The elusiveness of peace

Mutual mistrust has been the defining feature of Pakistan-India relationship since Partition

The elusiveness of peace


T

he sharpening of religious identities in British India is older than the post-colonial states themselves. This was driven by a number of factors such as communal interpretation of medieval history; repeated religious identification and enumeration of communities in decennial censuses; the separate electorates; and pervasive use of religious symbolism in politics; appropriation of Hindi as language of the Hindus and Urdu as language of the Muslims; introduction and dissemination of print culture and use of the print for churning out communal literature; and eventually, the general public perception of political parties – the Indian National Congress and the All India Muslim League – as communal contenders particularly in the last decade before the transfer of power. Most of these factors spilled over in the post-colonial South Asian nation states.

South Asia has developed a mixture of religiosity and nationalism or religious nationalism. Benedict Anderson’s assertion that nationalism is an imagined community and this imagination is reinforced day-and-night, 24/7 through the media, public education and every forum available to a nation state, while at the same time vigorously pursuing the process of ‘otherisation’ with equal and matching intensity holds true in India and Pakistan. It feeds an ideology of hate towards ‘the other,’ particularly neighbours.

It is a pity since the two countries are home to communities that share history and heritage of thousands of years. Even during eras of political fragmentation in the subcontinent such as in the twilight of the mighty Mughal empire, independent states produced a rich and inclusive tapestry of culture, cuisine and music. What is generally termed as decline was in political terms only, not in other socio-cultural spheres. Rather, the cultural richness and diversity had kept growing.

However, the two have now anthropomorphised each other as ‘satanic’ and ‘devilish’ ‘others.’ The unhelpful indoctrination generation after generation is making hatred part of the social psychology. There is inadequate realisation of the need to change this. As the saying goes: one can choose one’s friends and enemies but not one’s neighbours. Both the nations must realise the necessity and urgency of preaching mutual peace rather than war. India, in particular, must realise that the very creation of a separate state of Pakistan embodied the rejection of hegemony of a particular religious community. Although it is a huge country with a larger economy, it cannot establish hegemony vis-à-vis Pakistan.

The dispute over water has now renewed with more intensity and presented a threshold of yet more possibilities of war between the nuclear armed neighbours.

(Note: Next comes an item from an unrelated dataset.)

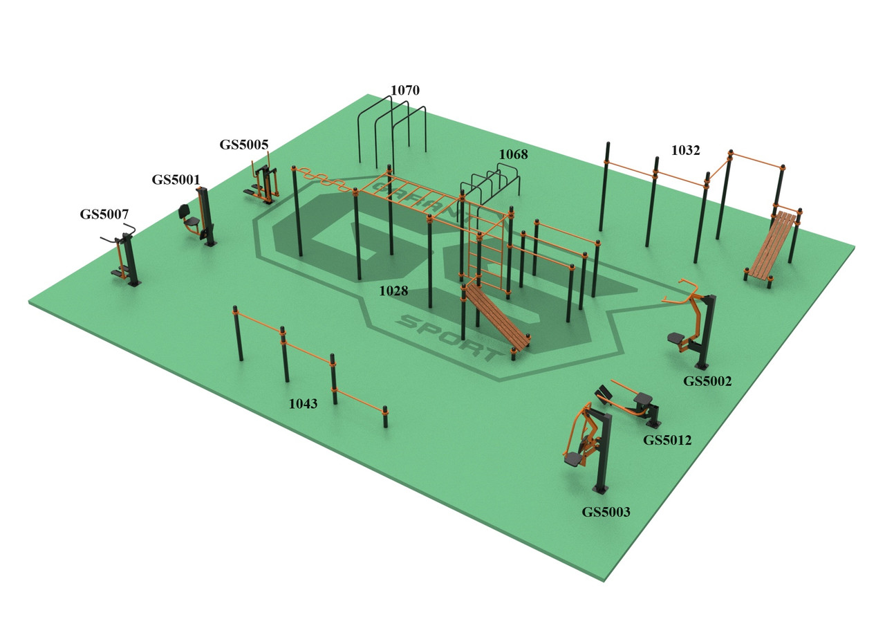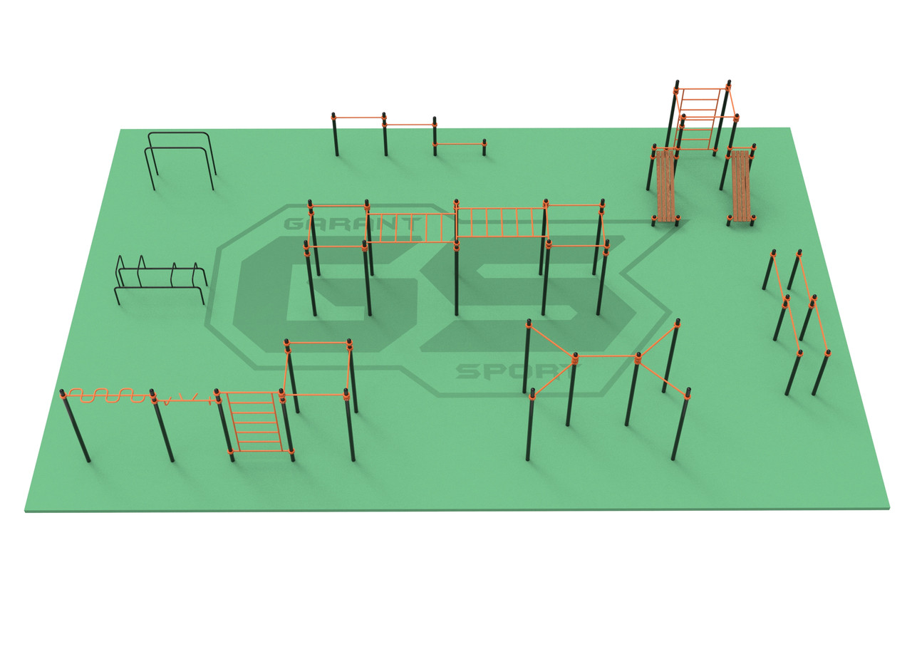 Воркаут площадка GS-30224 076 000Купить!тг. Маркетплейс: Satu.kz ТОО "Garant Sport" Доставка: по Казахстану ПожаловатьсяРазмер площадки: 12 х 17 м. = 204 м. кв. Вес/объем оборудования: 1319кг Кол-во оборудования, шт.: 9

Mutual mistrust has been a defining feature of the relationship between the two states. Its seed was sown at the time of partition through dislocation and massacre of millions of people. The hostility has been rising with the passage of time. During the first two decades of their existence, the relations between the two countries were a lot better despite the brief war in 1948 over the Kashmir issue. The hostility increased enormously after the 1965 war. The damage could have been controlled by promoting engagement and trade between their peoples. In the absence of people to people contact, the mistrust grew. The trust gap cannot be bridged unless people to people contacts are encouraged and visa policies relaxed. More trade too can contribute to the development of cordial relations and trust building.

The Kashmir conflict, arising out of the integration of princely states with either India or Pakistan, became a perennial problem and remains the core unsettled issue. Besides the people and territory, the major river systems of Indian subcontinent flow from Kashmir and Himalayan mountains. These irrigate the fertile plains as well as fulfil most of the drinking water requirements on both sides. An agreement on division of waters, brokered by the World Bank and known as the Indus Waters Treaty, was reached in 1960. Despite some wrangling, it has counted as a success story. However, it was pushed in abeyance unilaterally by India after a terrorist attack in Indian Occupied Kashmir.

In the wake of increasingly depleting water resources due to environmental and other reasons, highly populated India and Pakistan are beset with increasing water shortages. At the same time, the population is increasing at high rates in both countries. The dispute over water has now renewed with more intensity and presented a threshold of yet more possibilities of war between the nuclear armed neighbours. Challenges of such proportions demand that sane voices be heard on both sides and rational as well as inclusive leadership be elected for the settlement of outstanding issues.

Democratic representative structures in both countries currently lack maturity in terms of their ability to debate and aggregate national interest. The governments, unable to deliver uplift in economic terms, are tempted to seek to divert attention of their electorates by war mongering, jingoism and hostile discourse. The general public on both sides, more often than not, is carried away by emotionalism and war hysteria detrimental to a rational discourse. For several decades now, space for the peace and inclusivity lobby has been shrinking.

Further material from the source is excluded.